Introduction

Following anterior cruciate ligament reconstruction (ACLR), it is commonly recommended to assess the status of different physical impairments [13], presumably because these factors provide some estimate of functional levels following ACLR. Examples of physical impairments include single-leg hop ability, quadriceps strength, and anterior tibiofemoral joint laxity. Psychological variables have also been shown to influence functional levels following ACLR [47]. An example of a psychological impairment that may influence disability is fear-avoidance beliefs [8], which relates to the fear of painful reinjury that patients with a history of ACLR may experience, and the role of fear in causing patients to avoid behaviors that may potentially elicit pain or reinjury.
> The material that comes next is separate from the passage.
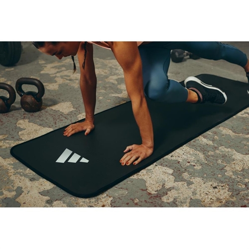 Adidas 10 mm Træningsmåtte er en ekstra komfortabel og tyk træningsmåtte med fokus på stabilitet, holdbarhed og maksimal støtte til gulvbaseret træning. Den unikke, mat sorte farve giver et stilrent og professionelt udtryk, som passer perfekt til både hjemmetræning og brug i fitnesscenter.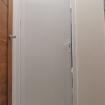 Cabinel / Lemari Bawah Tangga terintegrasi dengan bahan material ACP (Aluminium Composite PAnel) dengan putih yang fungsional dan memparcantik rumah Anda. Anti Air. Tahan Rayap.

Kvist et al. [5] investigated whether fear of reinjury is a significant factor for returning to preinjury levels of activity in patients following ACLR. While only 53% of their patients returned to their preinjury level of activity at 4 years after ACLR, they determined that the patients who did not return to preinjury activity levels had greater fear of reinjury, and this high fear of reinjury was correlated with low knee-related quality of life. Chmielewski et al. [4] assessed fear of movement/reinjury levels and determined the association with function at different timeframes during ACLR rehabilitation. They determined that, while fear of movement/reinjury levels appear to decrease during ACLR rehabilitation, these factors were still associated with function in the timeframe when patients return to sports. While Kvist et al. [5] and Chmielewski et al. [4] both determined that fear of movement/reinjury are supported as determinants of function after ACLR, neither assessed the influence of relevant impairments routinely assessed in clinical practice (i.e., single-leg hop capabilities, quadriceps strength, and anterior knee joint laxity) in conjunction with fear of movement and reinjury in their patient populations.
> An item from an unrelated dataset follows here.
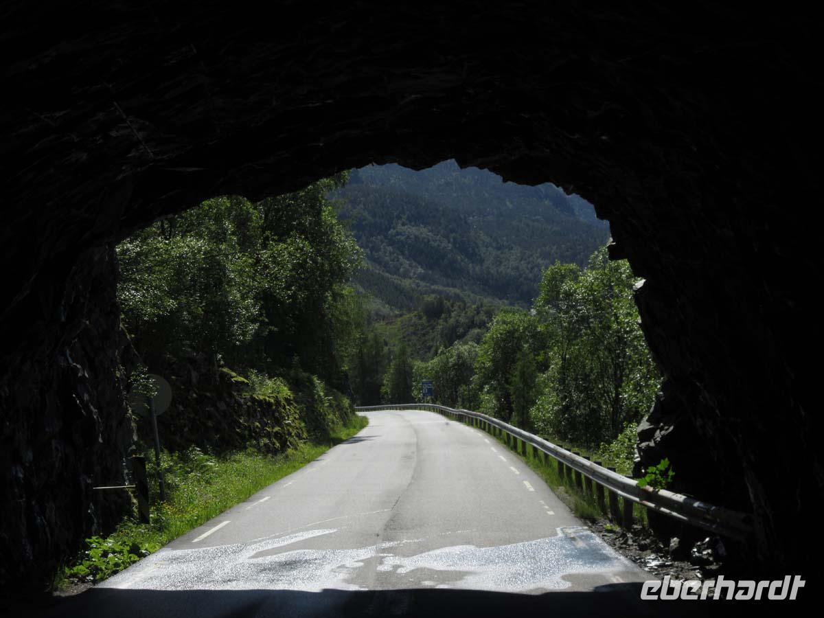 Ein erster Stop an der Hardangerbrücke ist Pflicht. Die größte Brücke Norwegens und die zehntlängste Hängebrücke der Welt besticht durch ihre über 202 m hohen Pylone. Erreichen kann man sie nur durch einen Tunnel, in welchem sich die Reichsstraße 16 mit einer weiteren in einem futuristisch lila angestrahlten Kreisel unter Tage trifft. Am Tvinnefossen gleich der nächste Halt. Es geht die Mähr, dass sein Wasser gut gegen Potenzstörungen sei. Gerade Besucher aus Japan und Russland sollen sich gerne Flaschen mit diesem Nass abfüllen. Plötzlich ist er wieder da. Dieser Starkregen, den niemand von uns bestellt hat. Er hält an bis zu unseren Stopps in Gudvangen und Flam, wo gar niemand mehr aus dem Bus steigen möchte. Also reisen wir weiter nach Auerlandsvangen am Naeroyfjord. Einmal falsch abgebogen erreichen wir einen Aussichtspunkt mit Blick auf den Vassbygdevatnet, einem schwarzblau schimmernden See. Hier machen wir erst einmal Mittag bevor wir dann den Aussichtspunkt Stegasteinen über engste Haarnadelkurven erreichen. Tatsächlich ist die Sicht von hier oben spektakulär. Alle freuen sich. Nur nicht unser Chauffeur, denn der muss die Kurven wieder hinab, weil die Fahrt für Busse unserer Länge seit diesem Jahr auf der weiterführenden Schneestraße verboten ist. Nach einem schweren Unfall hat die norwegische Regierung sehr schnell und überraschend die Reißleine gezogen. Im noch recht verschneiten Sognefjell mit seiner kargen, nur von Steinen, Moosen und Flechten überzogenen Landschaft biegen wir ab ins Leirdalen. Hier führt eine schmale Piste zu unserem urtümlichen Hotel direkt unter dem Massiv des Galdhöppigen, dem höchsten Berg Skandinaviens. Urwüchsige Natur pur umfängt uns. Sämtliche Zivilisationsgeräusche sind verschwunden. Nur die Geräusche von Wind und rauschendem Wasser hört man des Nachts. Ein Erlebnis, das recht selten geworden ist.

Generally, ACLR is perceived to be a successful procedure; however, critical analysis has shown that clinical outcomes are less than optimal, as a recent meta-analysis has shown that normal knee function is restored in only 37% of patients undergoing ACLR [9]. Understanding which physical or psychological impairments contribute most significantly to disability following ACLR will assist in establishing appropriate rehabilitation programs in this patient population to ensure that functional levels are optimized following surgery. This may be especially important for fear-avoidance beliefs, which are not consistently addressed despite clinicians acknowledging fear of reinjury as the main injury-related psychological concern following injury [10].
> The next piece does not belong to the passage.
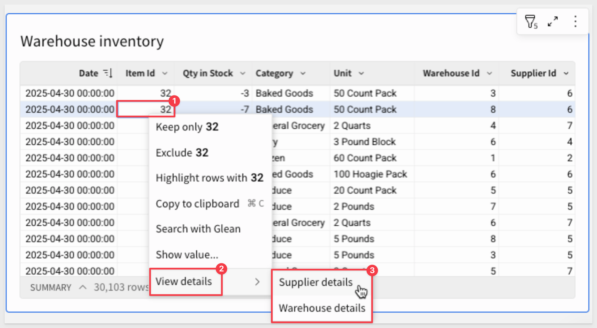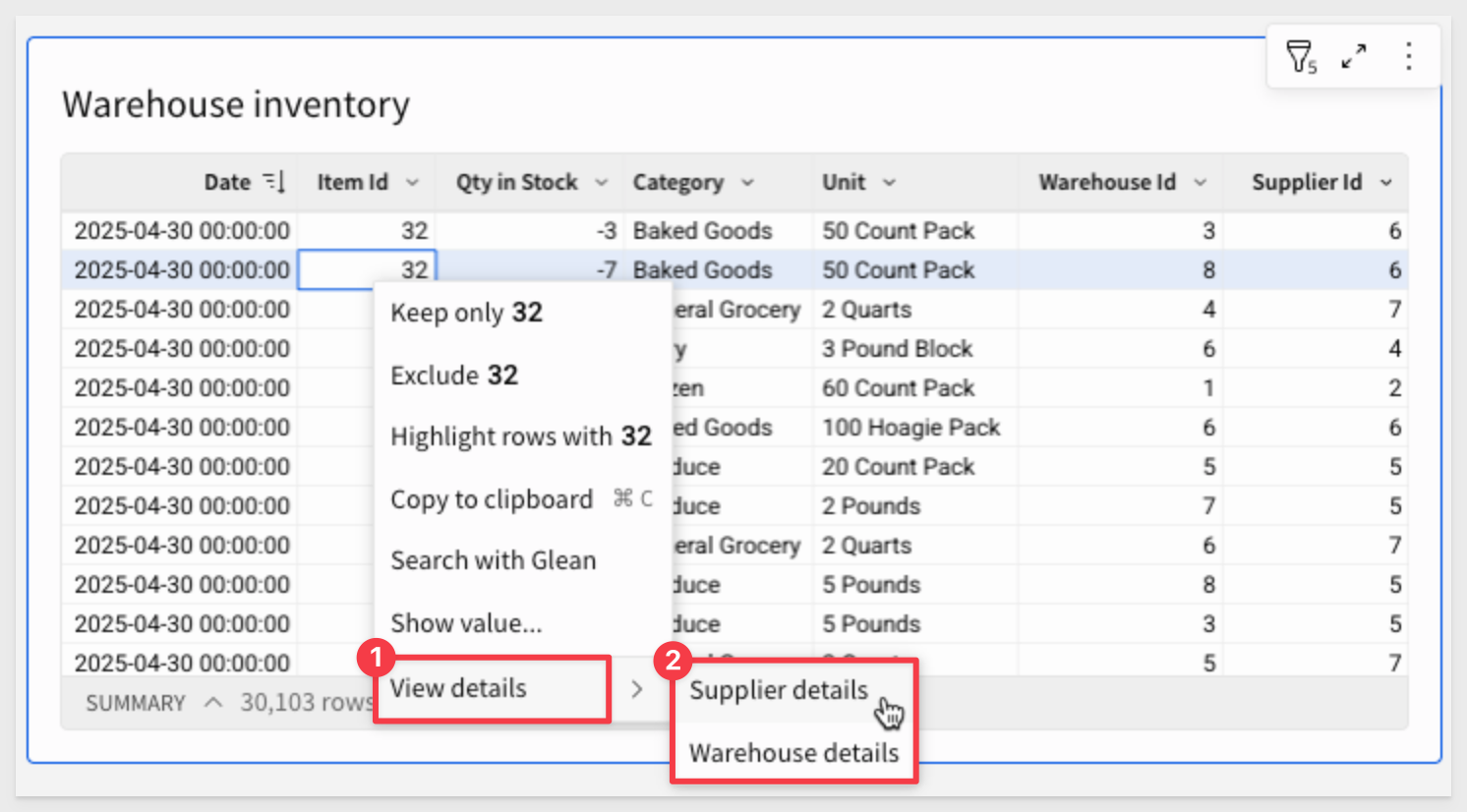 The selected values can be used to filter results in subqueries and CTEs, combined with formulas like ArrayLength, and more.

The purpose of this study is to assess the relationship between functional levels in activities of daily living and sports and fear-avoidance beliefs in patients with a history of ACLR, after controlling for injury-related variables and physical impairment measures. It was hypothesized that fear-avoidance beliefs would contribute to functional levels in activities of daily living and sports, after controlling for injury-related variables and physical impairment measures.

Patients and methods

Subjects

Forty-eight subjects (34 men, 14 women) participated in this study (age 20.6 ± 1.2 years, height 177.3 ± 9.1 cm, weight 77.9 ± 12.5 kg). At the time of this study, all subjects were enrolled at the US Air Force Academy, CO. While subjects were not intercollegiate athletes, they participated in mandatory intramural athletics and military training 4–7 days/week prior to their knee injury.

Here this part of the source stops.